[Saved data entries]
★ ★ ★ ★ ★
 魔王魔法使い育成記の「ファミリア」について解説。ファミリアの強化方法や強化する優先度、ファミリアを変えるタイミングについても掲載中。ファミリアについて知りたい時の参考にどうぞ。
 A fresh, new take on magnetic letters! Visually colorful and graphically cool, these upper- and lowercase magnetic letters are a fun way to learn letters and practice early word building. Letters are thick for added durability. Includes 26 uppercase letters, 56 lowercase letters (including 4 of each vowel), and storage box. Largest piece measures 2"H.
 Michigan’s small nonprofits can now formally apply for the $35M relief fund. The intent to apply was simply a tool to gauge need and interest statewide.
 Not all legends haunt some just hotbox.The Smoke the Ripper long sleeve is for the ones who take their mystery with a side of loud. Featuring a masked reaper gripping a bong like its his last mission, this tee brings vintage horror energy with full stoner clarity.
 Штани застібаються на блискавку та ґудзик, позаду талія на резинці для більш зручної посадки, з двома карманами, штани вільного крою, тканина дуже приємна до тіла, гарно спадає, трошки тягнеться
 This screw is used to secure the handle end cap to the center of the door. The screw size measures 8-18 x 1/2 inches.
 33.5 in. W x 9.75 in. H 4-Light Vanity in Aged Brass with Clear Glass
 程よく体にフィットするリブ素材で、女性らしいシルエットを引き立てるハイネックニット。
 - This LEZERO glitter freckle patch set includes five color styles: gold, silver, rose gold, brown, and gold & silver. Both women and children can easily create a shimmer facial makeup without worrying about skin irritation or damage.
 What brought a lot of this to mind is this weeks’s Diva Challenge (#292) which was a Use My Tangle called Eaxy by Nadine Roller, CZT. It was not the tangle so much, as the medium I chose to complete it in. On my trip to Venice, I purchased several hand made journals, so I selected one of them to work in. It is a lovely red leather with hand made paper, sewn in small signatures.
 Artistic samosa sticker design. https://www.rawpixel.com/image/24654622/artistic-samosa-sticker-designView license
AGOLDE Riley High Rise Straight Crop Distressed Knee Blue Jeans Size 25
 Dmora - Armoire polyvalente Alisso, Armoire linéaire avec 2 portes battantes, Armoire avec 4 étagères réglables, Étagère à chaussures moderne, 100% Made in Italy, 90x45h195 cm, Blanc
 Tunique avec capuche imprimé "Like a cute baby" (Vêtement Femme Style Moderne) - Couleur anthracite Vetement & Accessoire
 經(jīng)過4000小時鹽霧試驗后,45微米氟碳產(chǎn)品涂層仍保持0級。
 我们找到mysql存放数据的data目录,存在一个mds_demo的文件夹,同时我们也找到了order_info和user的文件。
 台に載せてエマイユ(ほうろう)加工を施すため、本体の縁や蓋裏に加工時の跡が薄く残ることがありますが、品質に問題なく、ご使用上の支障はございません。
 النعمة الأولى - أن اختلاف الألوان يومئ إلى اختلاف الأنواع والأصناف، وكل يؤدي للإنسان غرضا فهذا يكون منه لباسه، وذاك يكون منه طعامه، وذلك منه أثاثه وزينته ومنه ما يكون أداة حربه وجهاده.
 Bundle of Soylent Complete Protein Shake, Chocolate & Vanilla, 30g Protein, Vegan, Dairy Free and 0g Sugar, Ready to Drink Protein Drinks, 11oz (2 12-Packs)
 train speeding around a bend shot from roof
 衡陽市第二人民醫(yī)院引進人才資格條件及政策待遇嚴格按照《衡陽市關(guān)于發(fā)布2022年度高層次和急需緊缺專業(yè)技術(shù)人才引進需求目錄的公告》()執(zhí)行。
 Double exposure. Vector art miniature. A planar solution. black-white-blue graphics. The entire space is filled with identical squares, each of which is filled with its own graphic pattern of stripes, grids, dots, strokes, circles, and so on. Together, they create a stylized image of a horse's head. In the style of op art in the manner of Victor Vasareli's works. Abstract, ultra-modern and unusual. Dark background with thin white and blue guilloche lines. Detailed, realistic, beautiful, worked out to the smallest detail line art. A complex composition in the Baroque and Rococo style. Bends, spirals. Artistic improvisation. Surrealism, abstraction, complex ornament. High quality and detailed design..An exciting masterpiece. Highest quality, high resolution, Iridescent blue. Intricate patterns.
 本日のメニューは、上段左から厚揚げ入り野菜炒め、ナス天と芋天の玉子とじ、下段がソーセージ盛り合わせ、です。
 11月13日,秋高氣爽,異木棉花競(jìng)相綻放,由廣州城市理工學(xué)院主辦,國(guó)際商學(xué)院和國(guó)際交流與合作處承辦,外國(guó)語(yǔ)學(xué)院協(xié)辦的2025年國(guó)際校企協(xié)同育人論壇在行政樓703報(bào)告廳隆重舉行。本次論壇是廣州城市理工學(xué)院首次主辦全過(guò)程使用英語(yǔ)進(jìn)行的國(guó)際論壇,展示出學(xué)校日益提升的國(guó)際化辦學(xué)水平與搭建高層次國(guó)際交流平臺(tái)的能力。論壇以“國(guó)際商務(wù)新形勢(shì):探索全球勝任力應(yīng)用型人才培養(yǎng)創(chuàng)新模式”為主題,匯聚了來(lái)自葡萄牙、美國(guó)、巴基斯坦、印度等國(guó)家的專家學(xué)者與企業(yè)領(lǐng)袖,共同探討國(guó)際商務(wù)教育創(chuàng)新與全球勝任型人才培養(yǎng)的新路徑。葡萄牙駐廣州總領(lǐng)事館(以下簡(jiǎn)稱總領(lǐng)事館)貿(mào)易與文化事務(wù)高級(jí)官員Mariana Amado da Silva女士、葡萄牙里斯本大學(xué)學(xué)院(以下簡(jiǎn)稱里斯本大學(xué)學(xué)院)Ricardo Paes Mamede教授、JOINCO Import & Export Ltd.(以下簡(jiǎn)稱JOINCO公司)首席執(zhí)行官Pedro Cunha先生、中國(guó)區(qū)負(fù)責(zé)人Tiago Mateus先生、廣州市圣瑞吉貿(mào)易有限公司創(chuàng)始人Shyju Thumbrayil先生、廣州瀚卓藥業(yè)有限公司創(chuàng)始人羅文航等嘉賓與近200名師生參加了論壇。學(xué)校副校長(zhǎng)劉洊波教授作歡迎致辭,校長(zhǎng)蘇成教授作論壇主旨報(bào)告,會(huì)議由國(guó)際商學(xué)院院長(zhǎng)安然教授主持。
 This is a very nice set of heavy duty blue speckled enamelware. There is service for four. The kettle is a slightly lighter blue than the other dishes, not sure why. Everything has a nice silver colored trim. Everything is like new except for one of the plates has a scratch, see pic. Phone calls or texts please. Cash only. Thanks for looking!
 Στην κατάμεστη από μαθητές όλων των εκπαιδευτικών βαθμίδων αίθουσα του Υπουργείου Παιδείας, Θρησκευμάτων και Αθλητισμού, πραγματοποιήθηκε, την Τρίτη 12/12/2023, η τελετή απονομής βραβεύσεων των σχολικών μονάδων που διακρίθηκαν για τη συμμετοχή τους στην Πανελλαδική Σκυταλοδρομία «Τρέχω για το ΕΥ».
★ ★ ★ ★ ★
--- ACTION ITEM ---
Please retype all of the records above exactly as they are.

--- WRITTEN RESPONSE ---
 魔王魔法使い育成記の「ファミリア」について解説。ファミリアの強化方法や強化する優先度、ファミリアを変えるタイミングについても掲載中。ファミリアについて知りたい時の参考にどうぞ。
 A fresh, new take on magnetic letters! Visually colorful and graphically cool, these upper- and lowercase magnetic letters are a fun way to learn letters and practice early word building. Letters are thick for added durability. Includes 26 uppercase letters, 56 lowercase letters (including 4 of each vowel), and storage box. Largest piece measures 2"H.
 Michigan’s small nonprofits can now formally apply for the $35M relief fund. The intent to apply was simply a tool to gauge need and interest statewide.
 Not all legends haunt some just hotbox.The Smoke the Ripper long sleeve is for the ones who take their mystery with a side of loud. Featuring a masked reaper gripping a bong like its his last mission, this tee brings vintage horror energy with full stoner clarity.
 Штани застібаються на блискавку та ґудзик, позаду талія на резинці для більш зручної посадки, з двома карманами, штани вільного крою, тканина дуже приємна до тіла, гарно спадає, трошки тягнеться
 This screw is used to secure the handle end cap to the center of the door. The screw size measures 8-18 x 1/2 inches.
 33.5 in. W x 9.75 in. H 4-Light Vanity in Aged Brass with Clear Glass
 程よく体にフィットするリブ素材で、女性らしいシルエットを引き立てるハイネックニット。
 - This LEZERO glitter freckle patch set includes five color styles: gold, silver, rose gold, brown, and gold & silver. Both women and children can easily create a shimmer facial makeup without worrying about skin irritation or damage.
 What brought a lot of this to mind is this weeks’s Diva Challenge (#292) which was a Use My Tangle called Eaxy by Nadine Roller, CZT. It was not the tangle so much, as the medium I chose to complete it in. On my trip to Venice, I purchased several hand made journals, so I selected one of them to work in. It is a lovely red leather with hand made paper, sewn in small signatures.
 Artistic samosa sticker design. https://www.rawpixel.com/image/24654622/artistic-samosa-sticker-designView license
AGOLDE Riley High Rise Straight Crop Distressed Knee Blue Jeans Size 25
 Dmora - Armoire polyvalente Alisso, Armoire linéaire avec 2 portes battantes, Armoire avec 4 étagères réglables, Étagère à chaussures moderne, 100% Made in Italy, 90x45h195 cm, Blanc
 Tunique avec capuche imprimé "Like a cute baby" (Vêtement Femme Style Moderne) - Couleur anthracite Vetement & Accessoire
 經(jīng)過4000小時鹽霧試驗后,45微米氟碳產(chǎn)品涂層仍保持0級。
 我们找到mysql存放数据的data目录,存在一个mds_demo的文件夹,同时我们也找到了order_info和user的文件。
 台に載せてエマイユ(ほうろう)加工を施すため、本体の縁や蓋裏に加工時の跡が薄く残ることがありますが、品質に問題なく、ご使用上の支障はございません。
 النعمة الأولى - أن اختلاف الألوان يومئ إلى اختلاف الأنواع والأصناف، وكل يؤدي للإنسان غرضا فهذا يكون منه لباسه، وذاك يكون منه طعامه، وذلك منه أثاثه وزينته ومنه ما يكون أداة حربه وجهاده.
 Bundle of Soylent Complete Protein Shake, Chocolate & Vanilla, 30g Protein, Vegan, Dairy Free and 0g Sugar, Ready to Drink Protein Drinks, 11oz (2 12-Packs)
 train speeding around a bend shot from roof
 衡陽市第二人民醫(yī)院引進人才資格條件及政策待遇嚴格按照《衡陽市關(guān)于發(fā)布2022年度高層次和急需緊缺專業(yè)技術(shù)人才引進需求目錄的公告》()執(zhí)行。
 Double exposure. Vector art miniature. A planar solution. black-white-blue graphics. The entire space is filled with identical squares, each of which is filled with its own graphic pattern of stripes, grids, dots, strokes, circles, and so on. Together, they create a stylized image of a horse's head. In the style of op art in the manner of Victor Vasareli's works. Abstract, ultra-modern and unusual. Dark background with thin white and blue guilloche lines. Detailed, realistic, beautiful, worked out to the smallest detail line art. A complex composition in the Baroque and Rococo style. Bends, spirals. Artistic improvisation. Surrealism, abstraction, complex ornament. High quality and detailed design..An exciting masterpiece. Highest quality, high resolution, Iridescent blue. Intricate patterns.
 本日のメニューは、上段左から厚揚げ入り野菜炒め、ナス天と芋天の玉子とじ、下段がソーセージ盛り合わせ、です。
 11月13日,秋高氣爽,異木棉花競(jìng)相綻放,由廣州城市理工學(xué)院主辦,國(guó)際商學(xué)院和國(guó)際交流與合作處承辦,外國(guó)語(yǔ)學(xué)院協(xié)辦的2025年國(guó)際校企協(xié)同育人論壇在行政樓703報(bào)告廳隆重舉行。本次論壇是廣州城市理工學(xué)院首次主辦全過(guò)程使用英語(yǔ)進(jìn)行的國(guó)際論壇,展示出學(xué)校日益提升的國(guó)際化辦學(xué)水平與搭建高層次國(guó)際交流平臺(tái)的能力。論壇以“國(guó)際商務(wù)新形勢(shì):探索全球勝任力應(yīng)用型人才培養(yǎng)創(chuàng)新模式”為主題,匯聚了來(lái)自葡萄牙、美國(guó)、巴基斯坦、印度等國(guó)家的專家學(xué)者與企業(yè)領(lǐng)袖,共同探討國(guó)際商務(wù)教育創(chuàng)新與全球勝任型人才培養(yǎng)的新路徑。葡萄牙駐廣州總領(lǐng)事館(以下簡(jiǎn)稱總領(lǐng)事館)貿(mào)易與文化事務(wù)高級(jí)官員Mariana Amado da Silva女士、葡萄牙里斯本大學(xué)學(xué)院(以下簡(jiǎn)稱里斯本大學(xué)學(xué)院)Ricardo Paes Mamede教授、JOINCO Import & Export Ltd.(以下簡(jiǎn)稱JOINCO公司)首席執(zhí)行官Pedro Cunha先生、中國(guó)區(qū)負(fù)責(zé)人Tiago Mateus先生、廣州市圣瑞吉貿(mào)易有限公司創(chuàng)始人Shyju Thumbrayil先生、廣州瀚卓藥業(yè)有限公司創(chuàng)始人羅文航等嘉賓與近200名師生參加了論壇。學(xué)校副校長(zhǎng)劉洊波教授作歡迎致辭,校長(zhǎng)蘇成教授作論壇主旨報(bào)告,會(huì)議由國(guó)際商學(xué)院院長(zhǎng)安然教授主持。
 This is a very nice set of heavy duty blue speckled enamelware. There is service for four. The kettle is a slightly lighter blue than the other dishes, not sure why. Everything has a nice silver colored trim. Everything is like new except for one of the plates has a scratch, see pic. Phone calls or texts please. Cash only. Thanks for looking!
 Στην κατάμεστη από μαθητές όλων των εκπαιδευτικών βαθμίδων αίθουσα του Υπουργείου Παιδείας, Θρησκευμάτων και Αθλητισμού, πραγματοποιήθηκε, την Τρίτη 12/12/2023, η τελετή απονομής βραβεύσεων των σχολικών μονάδων που διακρίθηκαν για τη συμμετοχή τους στην Πανελλαδική Σκυταλοδρομία «Τρέχω για το ΕΥ».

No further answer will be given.